Extractor Model Embedding Dim VoxDet mAP (Fine-tuned) VoxDet mAP (Zero-shot)
dinov2_mi_features DINOv2-Base 768 83.70% ⭐ Best 70.20%
clip_mi_features CLIP ViT-B/16 512 79.86% 65.22%
siglip_mi_features SigLIP-Base-384 768 - -

Note: Best results are obtained with the fine-tuned version. Results shown are for VoxDet. Performance varies across datasets (see Benchmarks section below).

Installation

# Clone the repository
git clone https://github.com/pihash2k/SoIR.git
cd SoIR

# Create venv environment
python3 -m venv soir
source soir/bin/activate

# Install core dependencies
pip install -r requirements.txt

# For mask dataset creation (MANDATORY if you don't have pre-computed detections/masks)
pip install segment-anything

⚠️ Important: Detection and Segmentation Requirements

You have two options:

  1. Use pre-computed detections and masks (Optional script):
  • If your dataset already has object detections and segmentation masks
  • Provide them in the required format (see “Pre-computed Annotations Format” below)
  • Skip the create_masked_dataset.py script
  • No need to install segment-anything
  1. Create detections and masks (Mandatory script):
  • If your dataset does NOT have object detections and masks
  • MUST run create_masked_dataset.py script
  • MUST install segment-anything package
  • This will generate the required annotations file

Quick Start with MaO

Step 1: Prepare Dataset with Masks (if needed)
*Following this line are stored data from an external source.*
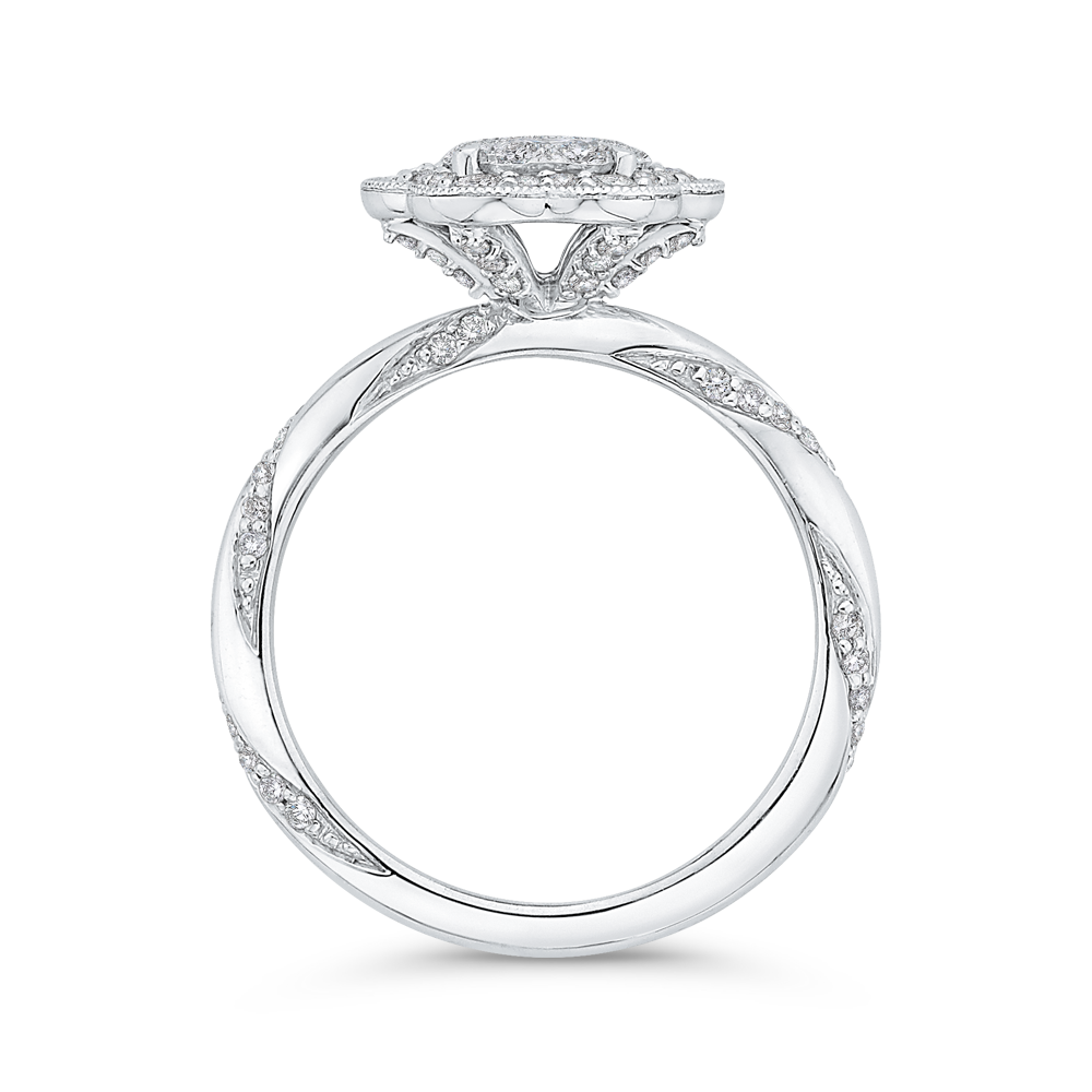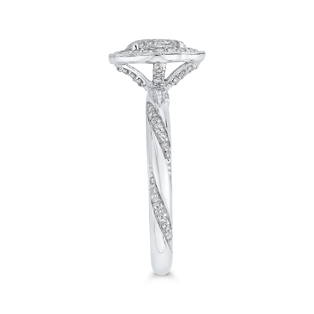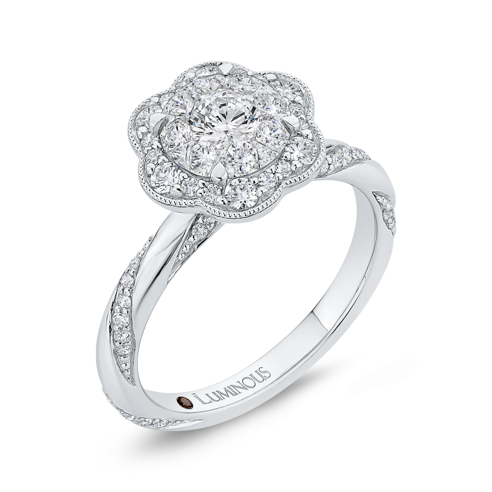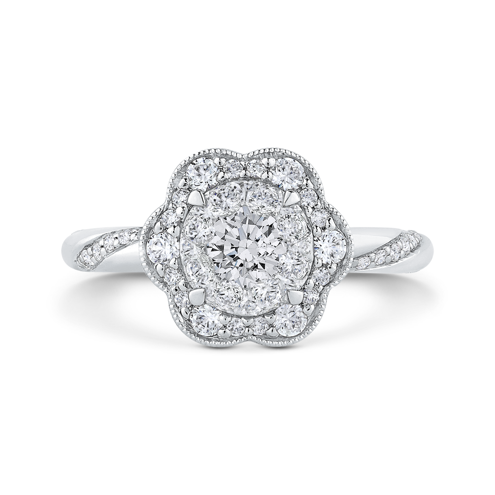 Round Diamond Flower Style Engagement Ring in 14K White Gold
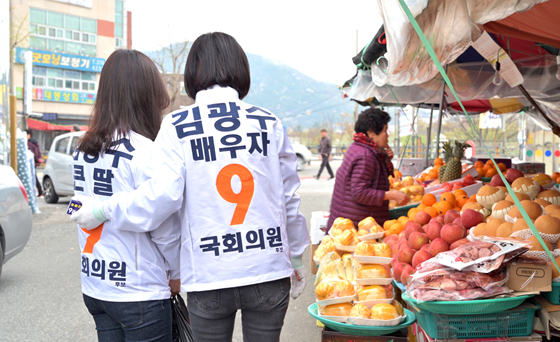 현재 직장생활을 하고 있는 김 후보의 배우자 한화정씨와 큰 딸이자 워킹맘인 김별(31)양은 회사를 잠시 휴직하고 하루 종일 선거운동 현장에서 강행군을 펼치고 있다.
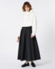 Gonna lunga dal volume ampio e con motivo arricciato che dona movimento e struttura al capo.
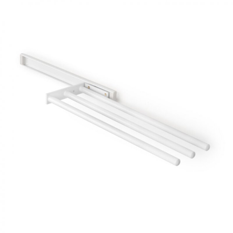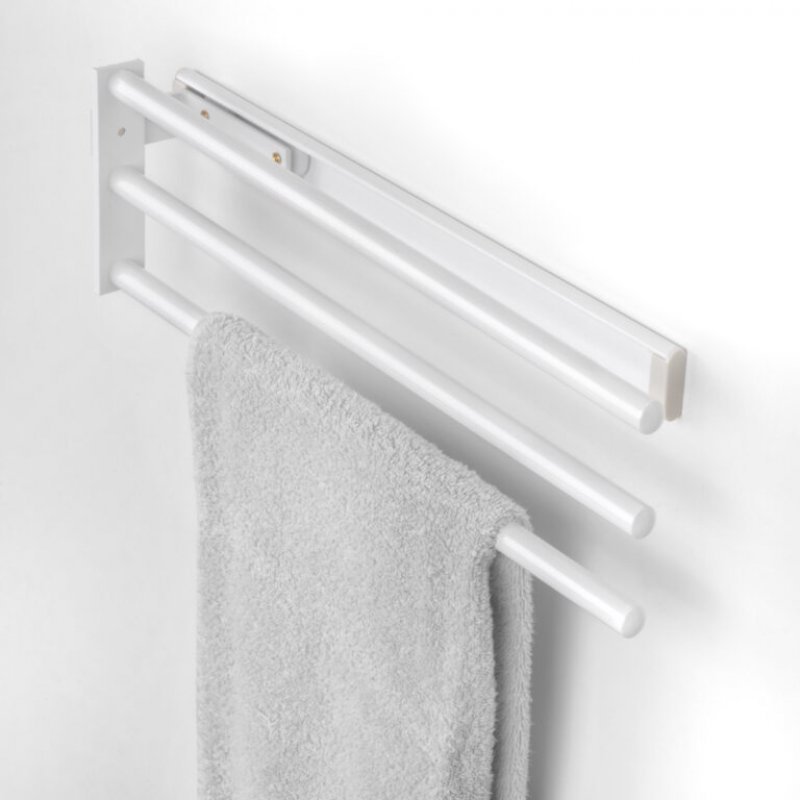Má tři ramena pro zavěšení ručníků nebo hadříků, která lze otočit o 90ş v závislosti na tom, zda je věšák upevněn na straně nábytku nebo pod pracovní plochou (montážní šrouby jsou součástí balení).
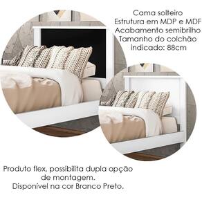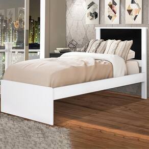 Cama Solteiro Barcelona Branco Branco Preto Tebar Branco Branco Preto
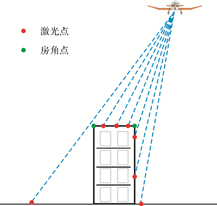 以上3类方法,具有不同的特点和适用范围。如图 12所示,由于LiDAR点云的采样密度(一般为4~10 pts/m2)相对于较易获取的超高分辨率影像(如分辨率4~10 cm的影像)来说仍然较低,LiDAR点云难以覆盖建筑物的边缘。因此,对于第1类方法,LiDAR点云转换生成的深度或距离二维图像中建筑物边缘位置和大小往往不够准确,易造成配准精度的降低;而第3类方法则大都需要人工辅助;第2类方法尤其是基于ICP的方法使用较为广泛。
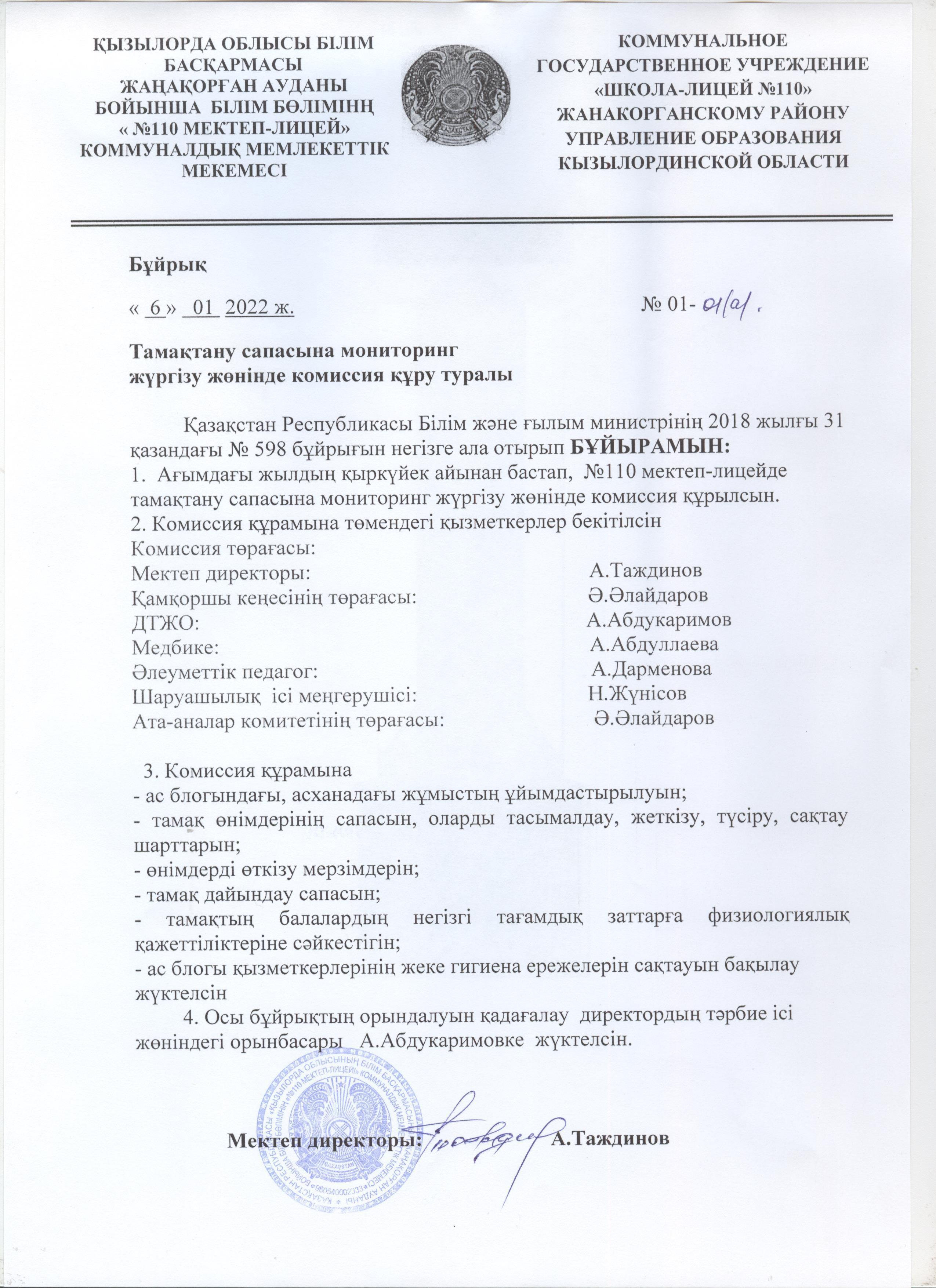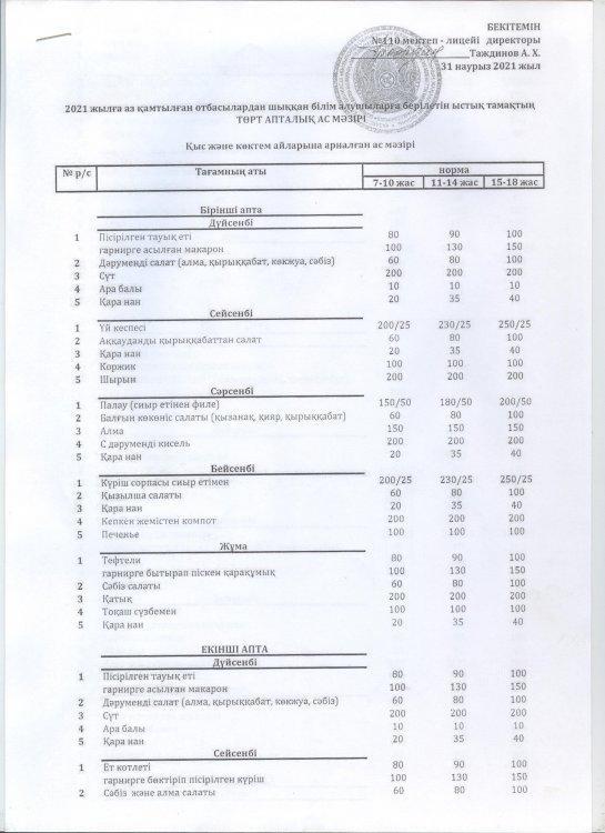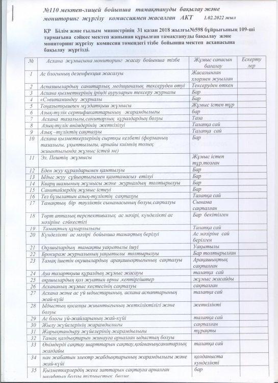 Тамақтану сапасына мониторинг жүргізу » №110 мектеп-лицей

⚠️ MANDATORY if you don’t have pre-computed detections and masks:

python scripts/create_masked_dataset.py \
    --input_dir /path/to/dataset/images \
    --output_dir /path/todataset/masked \
    --sam_checkpoint /path/to/sam_vit_h_4b8939.pth \
    --owlv2_model google/owlv2-base-patch16-ensemble

This script generates:

  • Object detections using OWLv2
  • Segmentation masks using SAM
  • A captions.pt file with bounding boxes, masks, and scores

Skip this step if:

  • You already have object detections and masks
  • Your annotations are in the format shown in “Pre-computed Annotations Format” below
  • You downloaded the datasets from VoxDet-SoIR (may already include masks)

Step 2: Choose Your Approach

You can use MaO in two ways:

Option A: Zero-Shot MaO (No Fine-tuning)

Use pre-trained models directly without training on your dataset. Good for quick evaluation or when you don’t have training data.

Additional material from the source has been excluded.